と、吹雪に触手を切られ、さらに長い間放置されていた座敷童子がいよいよ激高し、再び十数本の触手を背中から生やし、それをミヤたちに向かって放ってきた。

「じゃあ、吹雪も和坊やめてくれよ」

「それとこれとは別だろ」

「いや、何も別ではないんだが……」

 そんな緊急事態でも、まだのんきに会話を続ける吹雪と和夜。いよいよ、触手が寸前まで迫り、宮たちを刺し貫かんとする。

 果たして、吹雪がノールックで薙刀を触手に向かって一振りすると、触手たちは一瞬の間に粉々に砕け散った。

「!?」

 ミヤは、三度の戦慄を覚えた。先ほど和夜の腹を刺し貫いた固い触手が立ったひと振りで砕け散るなんて人間業ではない。

「おい、和坊。お前、歩けるか?」

 ミヤが、その光景をただただ見ていると、吹雪が和夜にそう問いかけた。

「いや、無理そうだ。ちょっと深く刺されすぎた」

 対して、和夜は静かに微笑みながら、それを否定する。

 その答えを聞いて、布武は少しの間熟考すると、やがて和夜とミヤに指示を出した。

「じゃあ、私がすぐ終わらせるからそれ待ってろ。ミヤは、これで和坊の傷を抑えといてくれ。…………死ぬんじゃねえぞ」

 そう言うと、吹雪は座敷童子に向かって歩き出した。

「おい、糞餓鬼。………30秒だ。30秒で終わらせるぞ」

 座敷童子はその言葉をどう受け取ったのかはわからないが、気味の悪い笑みを見せると、三度触手を発現させると、それを自在に操り、全力を持って吹雪を殺しに来た。

「……ぬるい!」

 しかし、吹雪はただそう叫ぶと、薙刀を強か地に打ち付けた。

 途端、触手が銀に輝くとその動きを停止した。

 銀の触手は、つるつるとしていて、よく見ると周りにほのかに白い霧をまき散らしていた。つまり、凍っていたのだ。その数瞬後、凍らされた触手は激しい音を立て霧散した。

 その攻撃を受けて、さしもの座敷童子も彼女を危険因子だとみなしたのだろう。ミヤの全身の毛が逆立ち、さらにうっすら吐き気を覚えるほどの禍々しい殺意を浮かべ、彼女史上最大最凶の術式を、顕現させる。

 座敷童子の背からは数十、否、百をも超える百足の触手が生えそろい、その先端からは火や風、毒など様々な種類の厄災の芽が灯っていた。また、百足やほかの妖たちの目や口などの体のパーツたちが彼女を囲い、おどろおどろしい要塞を作り上げていた。

 今までとは、比べ物にならないほどの狂気、そして瘴気。周りにいだけでミヤは、気を抜けば失神してしまいそうであった。
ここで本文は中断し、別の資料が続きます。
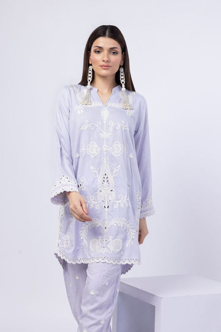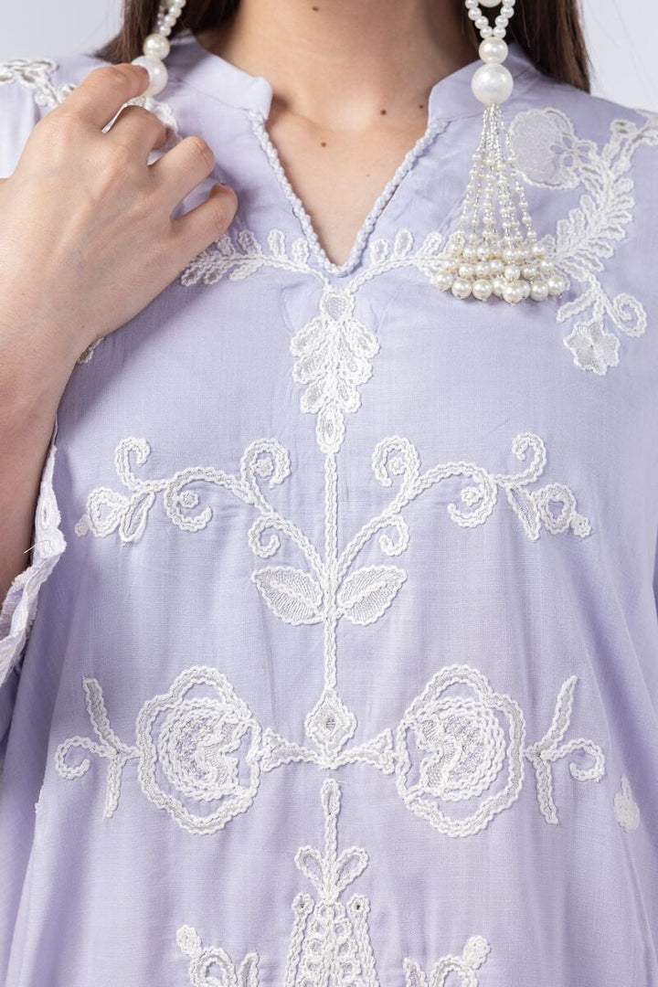 A short floral embroidered kurta featuring full sleeves and a band collar with a V-cut.

 しかし、その負のエネルギーを一番浴びているはずの吹雪は……何一つ気にしていないように、澄ました顔をしていた。

 否、その解釈には少し間違いがあった。

「……ほう。今まで喰った妖と異能者共か……やっと、本気を出したようだな」

 彼女はその澄ました顔の奥で、静かに喜んだのだ。久しぶりに出会えた()()()()()()に、新しいおもちゃを買ってもらったように無邪気に嗤ったのだ。

 そして、それに座敷童子だけが気付いた。そして、自分が彼女の中では下に見られていることに気づきながら………その笑みをさらに凄絶に濃くした。

 対して、吹雪は……

「……………」

 目を閉じ、ただただ黙り込むのみであった。

 彼女は勝つことをあきらめてしまったのだろうか。自らの死期を悟り、それを甘んじて受け入れてしまったのだろうか。

 ミヤの中に、そんな考えがめぐる。

「落ち着け、嬢ちゃん。あいつは別に勝負を諦めたわけじゃねえよ」

 下からそんな声がした。和夜だ。和夜が、妖が出てきてから見せ続ける余裕の笑みでそう言ったのだ。
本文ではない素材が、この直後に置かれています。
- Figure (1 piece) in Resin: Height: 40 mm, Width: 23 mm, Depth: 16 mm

 しかし、あまりにも状況が悪すぎる。今の座敷童子は最初のものとは全くの別物だ。人間が対応できる範疇を超えているように思える。いくら、さっき無類の強さを見せた吹雪といえど……

 そう言いかけると、刹那、前方から、あまりにも巨大すぎる気が、ミヤを突き抜けた。

 突然の衝撃に、ミヤは慌てて顔を上げる。

 

 そこには、鬼の姫がいた。

 

 戦場に、今までミヤが見てきた異能とは、比べ物にならないほどの濃密な気が、彼女の薙刀に流れ込んだ。そして、これまでかというほど気を取り込むと、吹雪は今にも爆発しそうな薙刀を、まるで刀を鞘に差すように左腰に移動させた。

 そして、再び目を閉じ、黙り込んだ。

 今、彼女は極限まで精神を統一させている。そのことを、やっとミヤは悟ることができた。
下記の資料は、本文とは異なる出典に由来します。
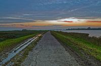 Hier zie je het fietspad in de Arkemheen polder bij Nijkerk gezien vanaf de dijk richting Spakenburg.
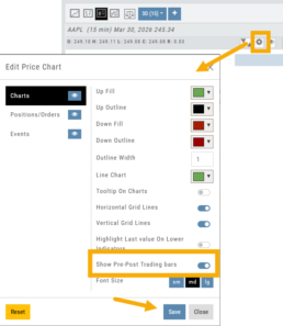 Then, toggle “Show Pre-Post Trading bars” to the On position, as shown.

 その数瞬後、吹雪の威圧感に更なる歓びを感じた、座敷童子はいま、自分の持つ最高戦力をすべて彼女に向けて放った。

 大量の殺意が、吹雪を四方八方から襲う。

 しかし、まだ彼女は動かない。

 彼女が今から行うのは、あくまで座敷童子の殲滅である。

 だから、さらに引き付けて、引き付けて、引き付けて………

「……っ!」

 一閃。

 そして、吹雪は言う。その技の名を。すべてが終わった後に。

「―――居合〈雪那〉」

 途端、座敷童子のありとあらゆる部位が凍り、唯一その首だけは、吹雪の一太刀によって切断された。